Disasters & Accidents

La Palma awakes to silence as feisty volcano records lull in activity

Las Palmas de Gran Canaria, Spain, Dec 15 (EFE).- The Spanish island of La Palma, which has been in the midst of a feisty volcanic eruption for 88 days, awoke to silence Wednesday with experts recording no observable signs of volcanic activity.

“Good morning from a deeply calm Aridane Valley, without any observable eruption: no lavas, no pyroclasts or notable earthquakes, which is excellent news,” Volcanologist at the National Geographic Institute, Rubén López, tweeted at 6.46 am (GMT time).

The Volcanological Institute of the Canary Islands (Involcán) also announced that sulfur dioxide (SO2) emissions had plummeted to less than five tons per day, which is considered an “extremely low” quantity when compared to the several thousands of tons the Cumbre Vieja volcano had been spewing on a daily basis at the height of its activity.

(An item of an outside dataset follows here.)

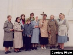 Ганна і Вітаўт Сіўчыкі (у цэнтры) — удзельнікі штодзённых малітваў пад сьценамі касьцёла Сьвятога Юзафа. 2005.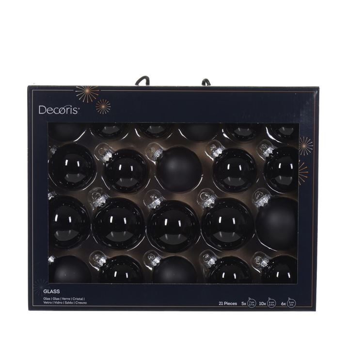Dieser edle Kugelmix in tiefem Schwarz verleiht Ihrem Weihnachtsbaum eine moderne, ausdrucksstarke und zugleich elegante Note. Die Kombination aus glänzenden, matten und transparenten schwarzen Glaskugeln schafft spannende Kontraste und bringt eine raffinierte, zeitgemäße Tiefe in Ihre Dekoration.

Tremors, which occur due to the vibrations generated by the pressure of magma in the subsoil as it travels towards the surface, stopped at about 9:00 PM on Monday.

By Tuesday night, Involcán and the IGN confirmed no tremors had been recorded.

It is not the first time that volcanic indicators have stopped since Cumbre Vieja started its eruption on September 19, but previous hiatuses in the volcano’s activity had barely lasted a few hours and were followed by strombolian — explosive — reactivations and dense lava flows.

In the early hours of Monday, before tremors stopped, the volcano gushed enormous amounts of SO2 which hovered over the island in dangerous levels that were not dispersed owing to the  meteorological conditions.

For the first time since the volcano started its eruption some 33,000 residents of the Aridane Valley region were advised to shelter from the toxic gas and remain inside their homes for almost five hours.

The lockdown was lifted once air quality improved, but soon after the volcano engaged in a new round of explosive activity which lasted just over an hour. Large clouds of ash and lava bombs were expelled from the volcano’s cone, a spokesperson for Pevolca reported.

By 9PM Monday (8PM GMT), the volcano quietened.